Глава 5 Дорога туда и три четверти дороги обратно

В Венеции похолодало. Холодный воздух с северо-востока дул уже несколько дней. Дошло до того, что вместо ледяного дождя на мостовые и каналы стали выпадать пушистые мягкие хлопья снега. Долго они не держались и к обеду всегда исчезали. Но по утрам на тихой воде кое-где можно было увидеть даже тонкие пластины льда, трескающегося при малейшем волнении.

Погода наводила на грустные мысли. Она, казалось, растворялась в человеке и словно скульптор или художник творила его настроение и чувства, охватывая тихой тоской о чем-то ушедшем, несбывшемся, необъяснимой светлой печалью, размытыми образами воспоминаний. Так чувствовал Филипп. Так, очевидно, не чувствовали венецианцы. Потому что никакая погода не могла остановить карнавал. Он продолжал цвести и буйствовать, не обращая внимание на снег и дождь – в конце концов, люди придумали плащи, камины и вино…

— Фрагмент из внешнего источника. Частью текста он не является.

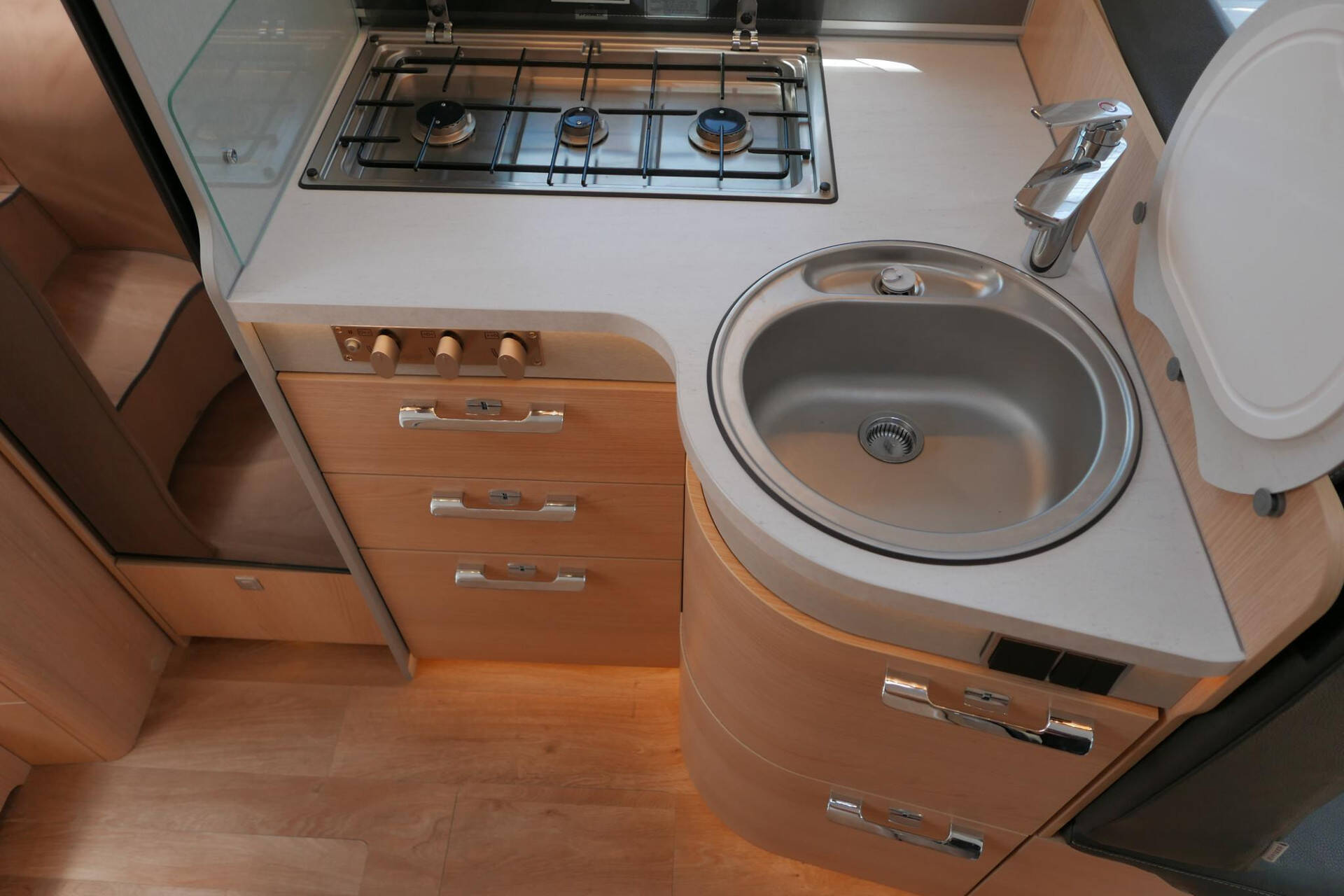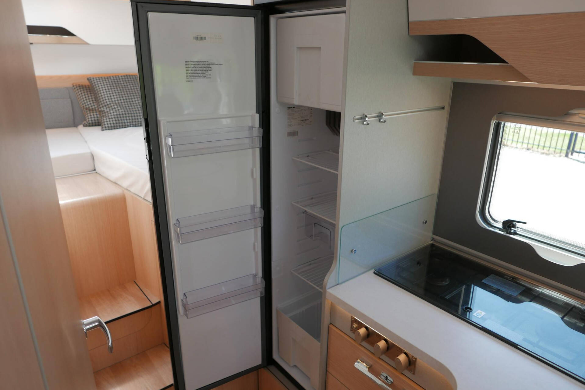 De ruime hoekkeuken is voorzien van diverse gelagerde boodschappenladen en een 3 pits gasstel. Hiernaast vindt u de hoge Smart-Tower koelkast 142 l met apart vriesgedeelte en automatische omschakeling 230V/12V/gas.

Люди вообще много чего придумали. И, как правило, уже давно. Например, бой быков, когда состоятельные люди организовывали нечто вроде гладиаторского сражения на площадях города. Быков, естественно, в конце убивали, тут же разделывали, а мясо раздавали всем желающим, в каковых недостатка не наблюдалось. Да и сама традиция общественных развлечений, коими и являлся карнавал, явно происходила из римских еще времен. Разве что добавилось кое-что, что по-настоящему удивляло и заставляло задуматься.

В этой связи Шато-Рено удивляла больше не вседозволенность в области нравов, а удивительная раскрепощенность в смысле политики и уважения к правящим слоям города. Разрешалось высмеивать все и всех: глупых сенаторов, продажных судей, трусливых военных. Даже фигура дожа не была ограждена от критики и прямых издевательств. Другое дело, что дож нынешний пользовался определенной любовью народа и обладал солидным авторитетом, так что его личность редко упоминалась в уличных представлениях, разве только в контексте его старости и немощности. Но остальным доставалось по полной, даже политика государства подвергалась порой осмеянию и осуждению.

Столь неуважительное отношение к власти, как к священному символу и основе государства, не встречало никакого препятствия со стороны самой этой власти. Более того, Шато-Рено подозревал, что часть этих шутников, что издеваются над власть предержащими, сами таковыми и являются. Видимо, преимущества от такого незамысловатого выхода народного недовольства перевешивали убытки от разрушения ореола непогрешимости, сакральности и богоданности существующего порядка. По-своему это было даже умно.

…После встречи с Лаффитом у Филиппа с Рошфором состоялось обстоятельнейшее обсуждение того разговора. Были проанализированы все его темы, фразы, смыслы. Первый вывод – у господина Николо, вполне возможно, есть источник информации в их команде. Ведь откуда-то тот знает, что они догадались про то, что он и Ломбарди одно лицо.

В итоге и Рошфор, и Шато-Рено пришли к выводу, что Лаффит-Ломбарди-господин Николо – противник сильный, достойный и принципиальный. Почему-то была абсолютная уверенность в его искренности, по крайней мере в отношении людей, которые «вне игры». Шато-Рено даже не помыслил о том, чтобы перевезти Алессу в другое место и Рошфор вполне с этим согласился. Кажется, этот их противник имел убеждения и определенные моральные ограничения. Вот только Лаффит сам признался, что не один. Обладают ли его коллеги и союзники таким же благородством? Вполне возможно и нет.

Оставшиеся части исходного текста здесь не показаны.